4.12. Over-Representation Analysis of Significant TMR Regulons

To characterize the biological functions regulated by each of the seven significant TMRs, over-representation analysis (ORA) was performed on their transcriptional regulons using two complementary pathway databases.

4.12.1. Gene Lists

For each significant TMR, the set of target genes was extracted from the TCGA Basal ARACNe-AP regulon object. Target gene symbols were converted to Entrez IDs using the bitr function from the clusterProfiler package [48] with the Homo sapiens annotation database (org.Hs.eg.db). Genes without a unique Entrez ID mapping were discarded. The background universe was defined as all protein-coding genes in the TCGA Basal expression matrix with a valid Entrez ID.
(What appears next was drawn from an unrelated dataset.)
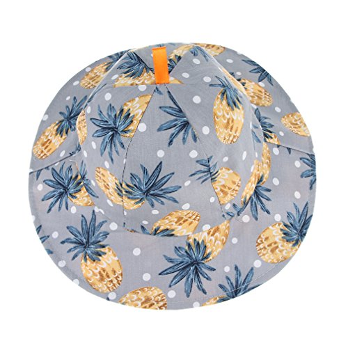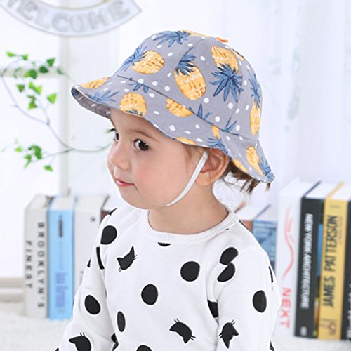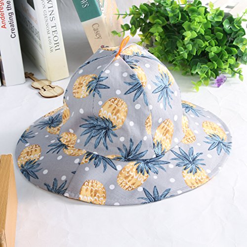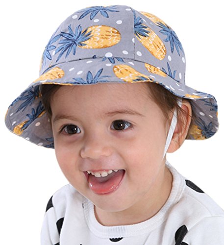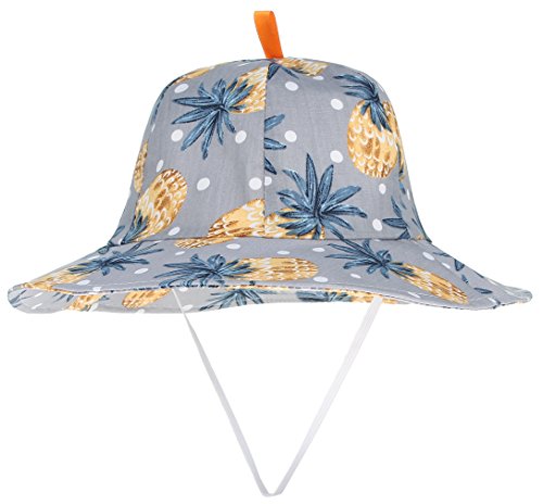 (コ-ランド) Co-land ベビー ハット つば広 赤ちゃん キッズ帽子 子供サンバイザー バケットハット パイナップル柄 あご紐 男の子 女の子 UVカット キャップ グレー
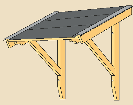 Yksinkertaisempi katos, joka asennetaan vinosti seinää vasten. Se rakennetaan kuten muut mallit. Vesikatto kiinnitetään suoraan kannatinkonsoleihin ilman kattotuoleja.

4.12.2. GO Biological Process

ORA against the Gene Ontology Biological Process (GO-BP) database was performed using the compareCluster function (clusterProfiler) with fun =enrichGO”, ontology “BP”, Benjamini–Hochberg p-value adjustment (pvalueCutoff = 0.05, qvalueCutoff = 0.2), and readable = TRUE. To reduce redundancy introduced by the hierarchical structure of the GO-BP ontology, the resulting term set was simplified using clusterProfiler::simplify (similarity cutoff = 0.6, ranked by p.adjust).

4.12.3. Reactome

ORA against the Reactome pathway database was performed using compareCluster with fun =enrichPathway” from the ReactomePA package [51] (organism = “human”, same p-value and q-value thresholds, readable = TRUE). No simplification step was applied, as Reactome uses a non-redundant hierarchical structure at the pathway level.

4.13. Network Visualization of TMR–Kbhb Gene Interactions

To integrate network topology with differential expression, ARACNe-AP edges in the TCGA Basal network were filtered to retain interactions in which the regulator was one of the seven significant TMRs and the target was a differentially expressed Kbhb gene (adjusted p < 0.05 and |log2FC| ≥ 0.5 in at least one cohort). This yielded 436 TMR–gene interactions covering [N] unique Kbhb DE target genes.

5. Conclusions

This work introduces a Kbhb-substrate-restricted master regulator analysis framework that moves beyond cataloging differentially expressed modification sites to identify the transcription factors that control their expression. It reveals CENPA and FOXM1 as the hierarchical apex of the β-hydroxybutyrylation transcriptional program in Basal-like breast cancer across two independent platforms. The coherence of this program, anchored by a feedforward BHB–Kbhb–FOXM1/CENPA axis that couples metabolic state to mitotic and centromeric gene expression, suggests that elevated BHB—as occurs under ketogenic dietary regimens—could paradoxically reinforce tumorigenic transcription in TNBC. Beyond the canonical oncogenes, ZNF232 emerges as a consistently co-activated but functionally uncharacterized regulator, making it a priority candidate for the first experimental dissection of its role in cancer. The pharmacological tractability of FOXM1 [54] and chromatin-modifying enzymes such as p300/CBP and class I HDACs [6,10], together with emerging evidence that ketogenesis or BHB exposure can promote TNBC metastasis and breast-cancer cell survival under treatment [1,2,55], translates these computational findings into concrete hypotheses for therapeutic and dietary-intervention research.

Supplementary Materials

The following supporting information can be downloaded at the website of this paper posted on Preprints.org, Figure S1: msVIPER master regulator analysis results and regulatory hierarchy per cohort. Figure S2: Differential expression of Kbhb genes in Basal BRCA. Figure S3: Quantitative distribution of ARACNe-supported TMR–Kbhb gene interactions by DE category. Table S1 (Supplementary_TableS1_ORA_GO_BP.tsv): Complete GO-BP over-representation analysis results for the seven significant TMR regulons (adjusted p < 0.05, q-value < 0.2; semantic redundancy removed at similarity cutoff = 0.6). Table S2 (Supplementary_TableS2_ORA_Reactome.tsv): Complete Reactome over-representation analysis results for the seven significant TMR regulons (adjusted p < 0.05, q-value < 0.2).

Author Contributions

Conceptualization, H.T. and E.H.-L.; Methodology, H.T.; Software, H.T.; Validation, H.T. and E.H.-L.; Formal Analysis, H.T.; Investigation, H.T.; Resources, E.H.-L.; Data Curation, H.T.; Writing—Original Draft Preparation, H.T.; Writing—Review & Editing, H.T. and E.H.-L.; Visualization, H.T.; Supervision, E.H.-L.; Project Administration, E.H.-L.; Funding Acquisition, E.H.-L. All authors have read and agreed to the published version of the manuscript.

Funding

This research received no external funding.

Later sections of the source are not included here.